Ledger's Recent Security Scare: Everything you need to know

What exactly happened?

A vulnerability was discovered in Ledger Connect Kit, a software library used by other applications to connect to Ledger wallets. This vulnerability could have potentially allowed attackers to trick users into approving unauthorised transactions.

🚨We have identified and removed a malicious version of the Ledger Connect Kit. 🚨

A genuine version is being pushed to replace the malicious file now. Do not interact with any dApps for the moment. We will keep you informed as the situation evolves.

Your Ledger device and…

— Ledger (@Ledger) December 14, 2023

Ledger’s previous controversies

1. Recover" Feature and KYC Concerns (July 2023):

In July 2023, Ledger introduced a subscription-based feature called "Recover" that allowed users to access their wallets even if they lost their seed phrase. The feature required users to provide KYC information, which clashed with Ledger's long-standing focus on privacy and self-custody. Many users felt this compromised the decentralization and security principles of crypto.

Ledger faced significant backlash and ultimately backtracked on the mandatory KYC requirement for Recover. They clarified their commitment to privacy and announced future improvements to the feature.

2. Data Breach and Security Vulnerabilities (April 2023):

Ledger suffered a data breach where customer email addresses and phone numbers were leaked. Additionally, security researchers discovered vulnerabilities in some Ledger hardware wallets. The breach and vulnerabilities raised concerns about the overall security of Ledger's products and their ability to protect user privacy.

Ledger addressed the breach and patched the vulnerabilities promptly. They also implemented stricter security measures and offered support to affected users.

What should you do?

• Stay calm: The vulnerability only affected a small number of users, and Ledger has taken steps to fix it. Your crypto is probably safe.


• Be vigilant: Check your transaction history carefully for anything you don't remember approving. If you see something fishy, contact Ledger immediately.


• Update your software: Ledger has released a patch for the outdated code. Make sure you update your Ledger Live app and firmware to the latest version.

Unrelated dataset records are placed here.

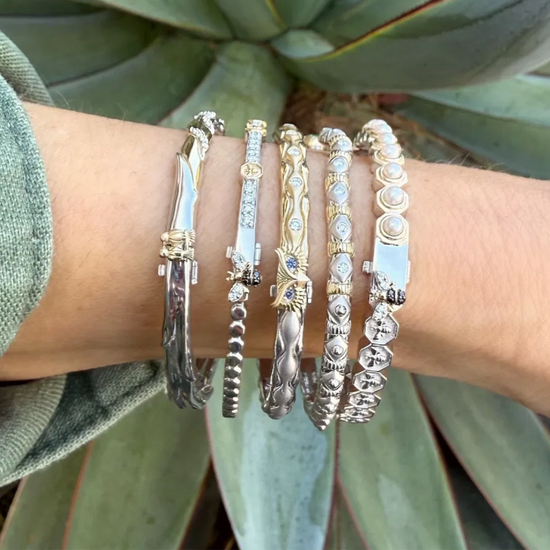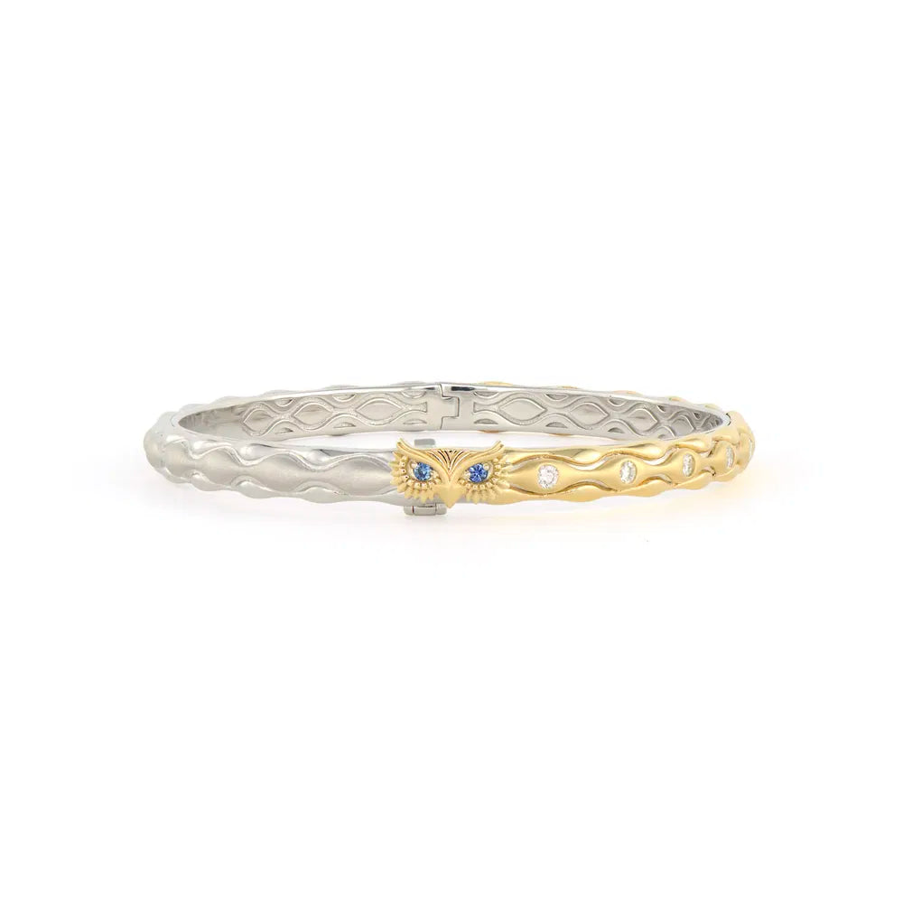 The two-toned metals create stunning contrast while the organic feather pattern flows gracefully around your wrist. The distinctive clasp features an owl eye adorned with blue sapphires, bringing both functionality and symbolic meaning to this piece. This meaningful bangle celebrates wisdom and intuition, perfect for those who appreciate jewelry with deeper significance. Wear alone or in a Three Stories bangle stack.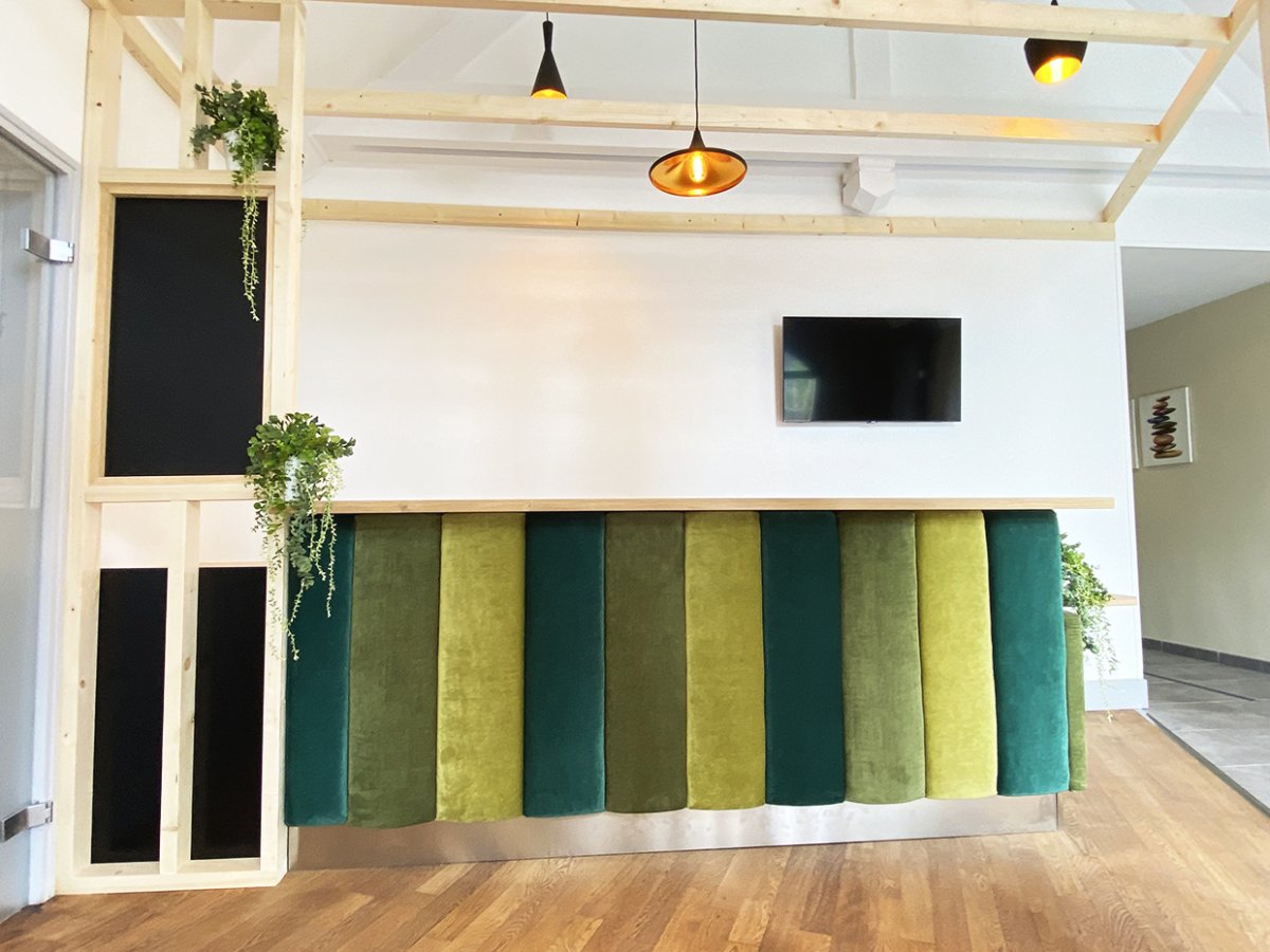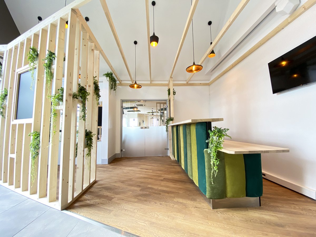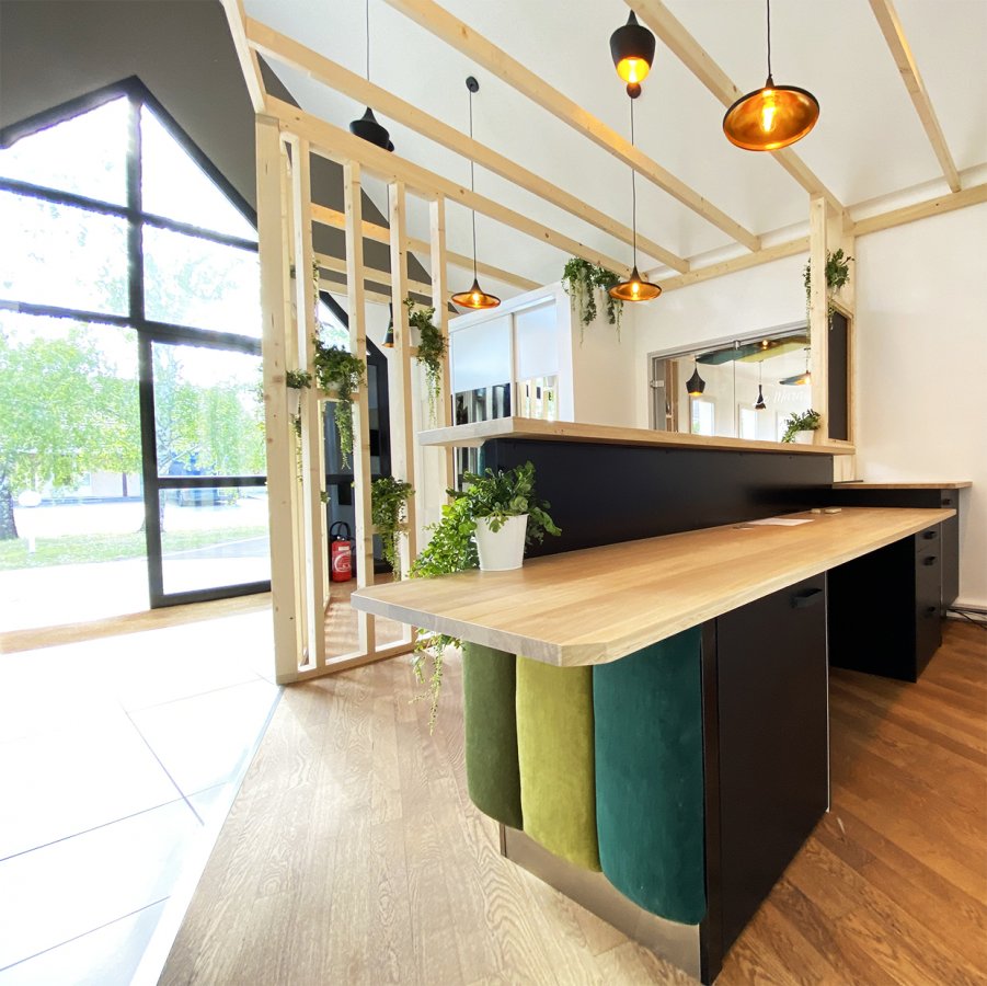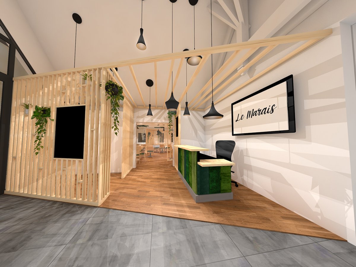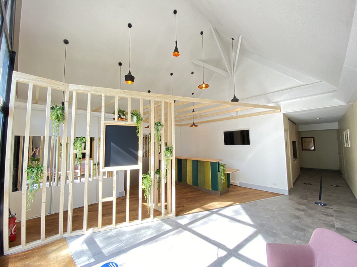 Aménagement et rénovation de la salle du restaurant d'un hôtel Kyriad. L'ancienne décoration étant impersonnelle nous avons homogénéisé la décoration sur une gastronomie biologique.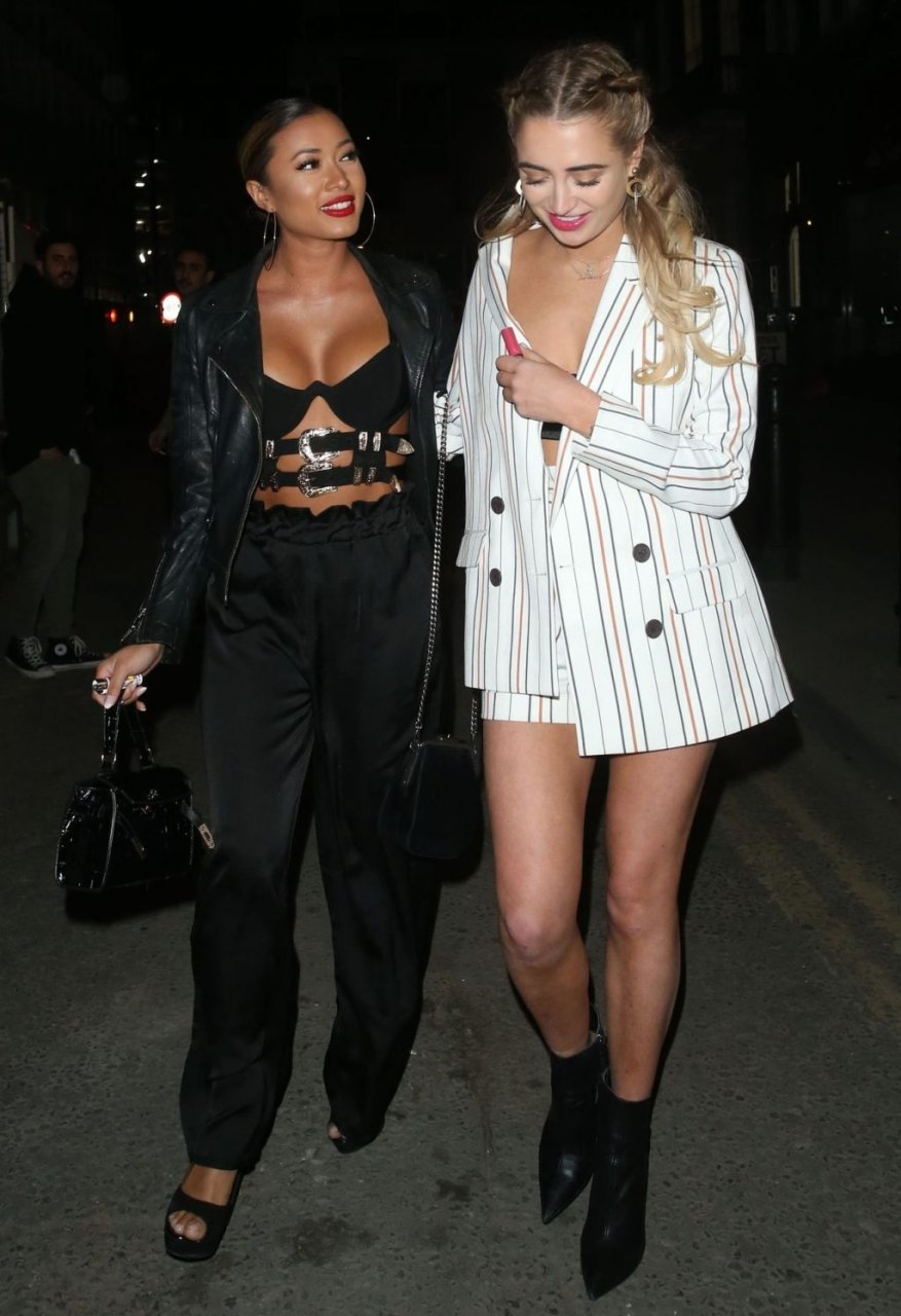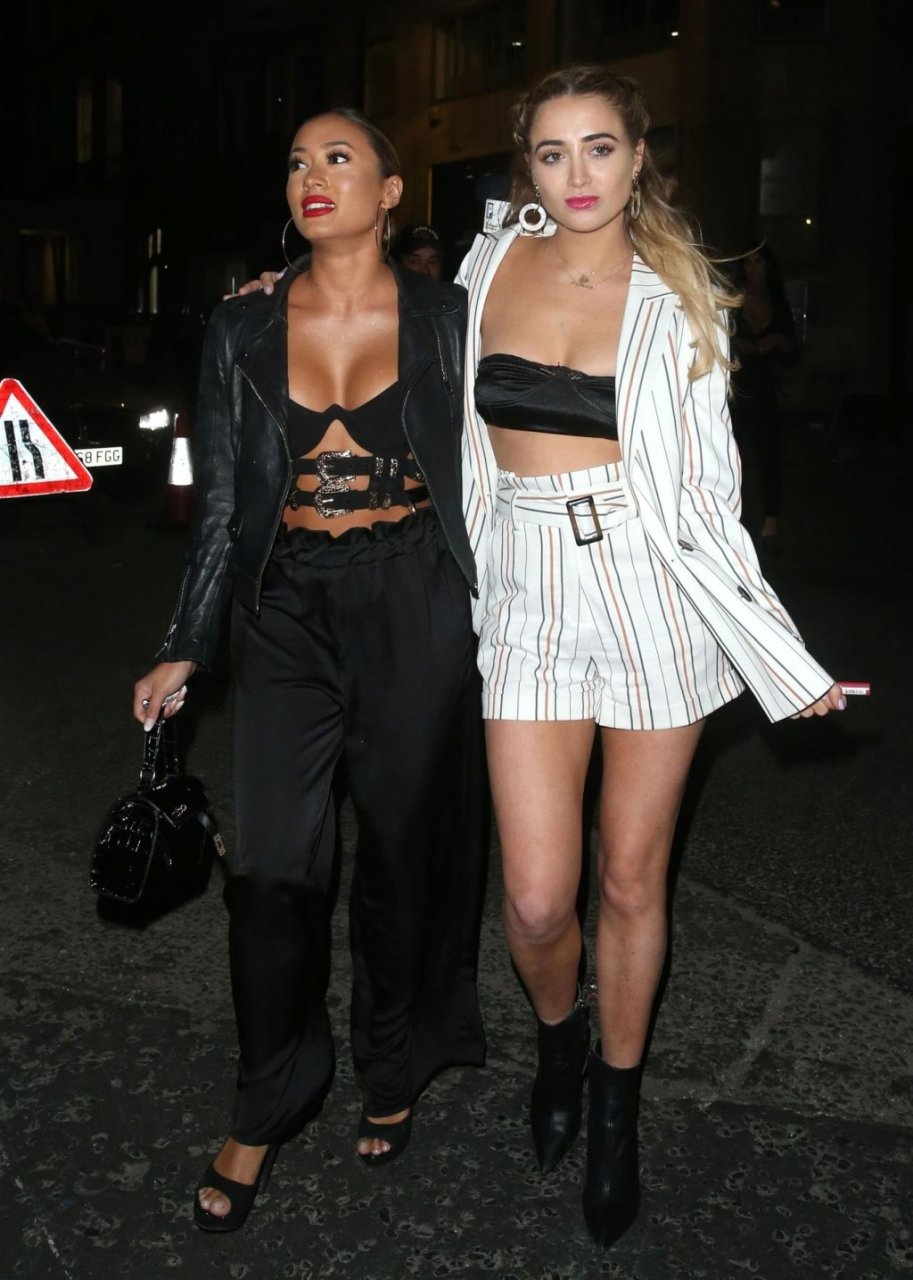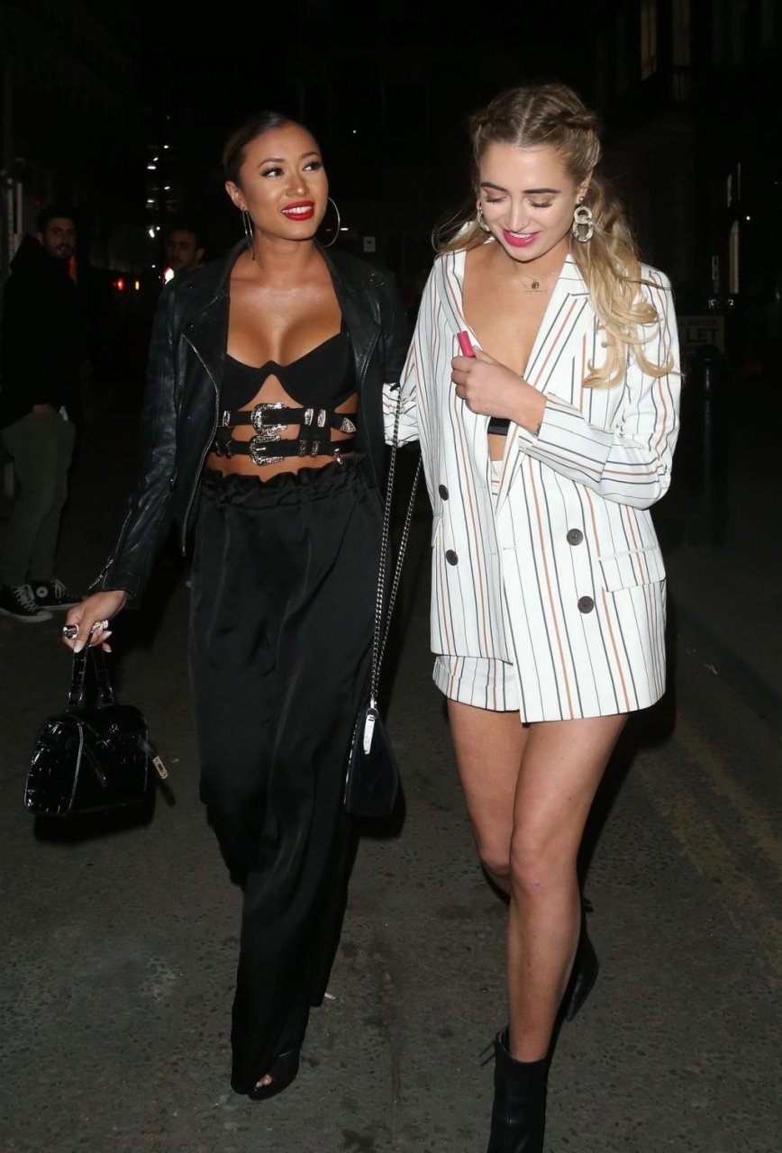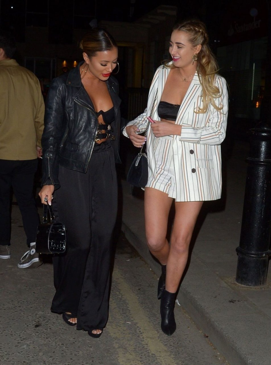 Estrelas de reality show Georgia Harrison e Kaz Crossley foram fotografadas saindo juntas do Tape Night Club em Mayfair, Londres, 12/04/2019.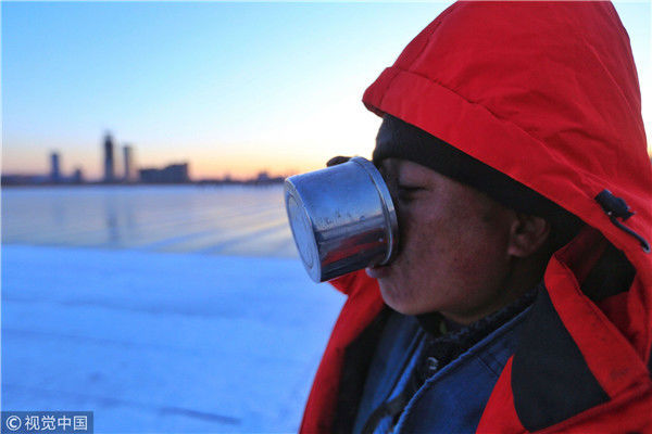 寒冬采冰人:起早貪黑 “淘金”冰雪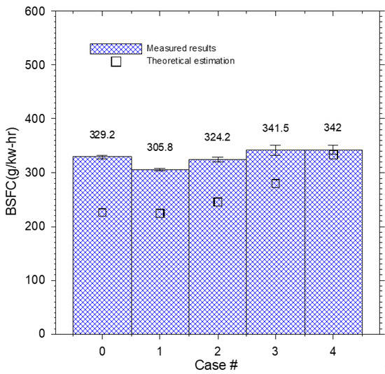 Comparison of measured and theoretically estimated brake specific fuel consumption (BSFC) for different valve settings.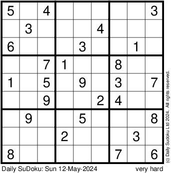 The Daily SuDoku: Sun 12-May-2024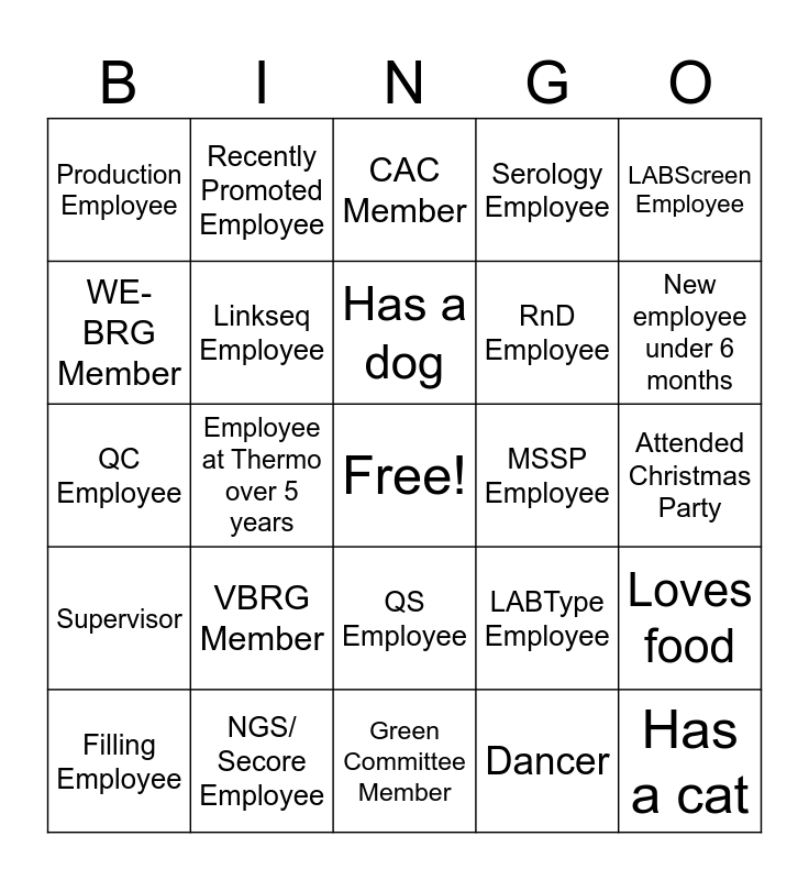 This bingo card has a free space and 24 words: VBRG Member, NGS/ Secore Employee, Has a dog, Filling Employee, LABScreen Employee, Production Employee, WE-BRG Member, Recently Promoted Employee, MSSP Employee, QS Employee, RnD Employee, QC Employee, LABType Employee, Loves food, Linkseq Employee, Dancer, Attended Christmas Party, CAC Member, New employee under 6 months, Employee at Thermo over 5 years, Has a cat, Supervisor, Serology Employee and Green Committee Member.

• Practice good security habits: Never share your seed phrase (the secret code that unlocks your wallet) with anyone, not even Ledger. Don't use the same password for your Ledger wallet as you do for other accounts.

Conclusion

Even though Ledger has a trusted name in crypto security, you should look for some better alternatives as well. Remember, your only goal should be keeping your seed phrase safe. If you're not sure about something, always ask! Many hardware wallets have great customer support and plenty of resources available to help you learn more about crypto security.

Stay safe out there, and happy cryptoing!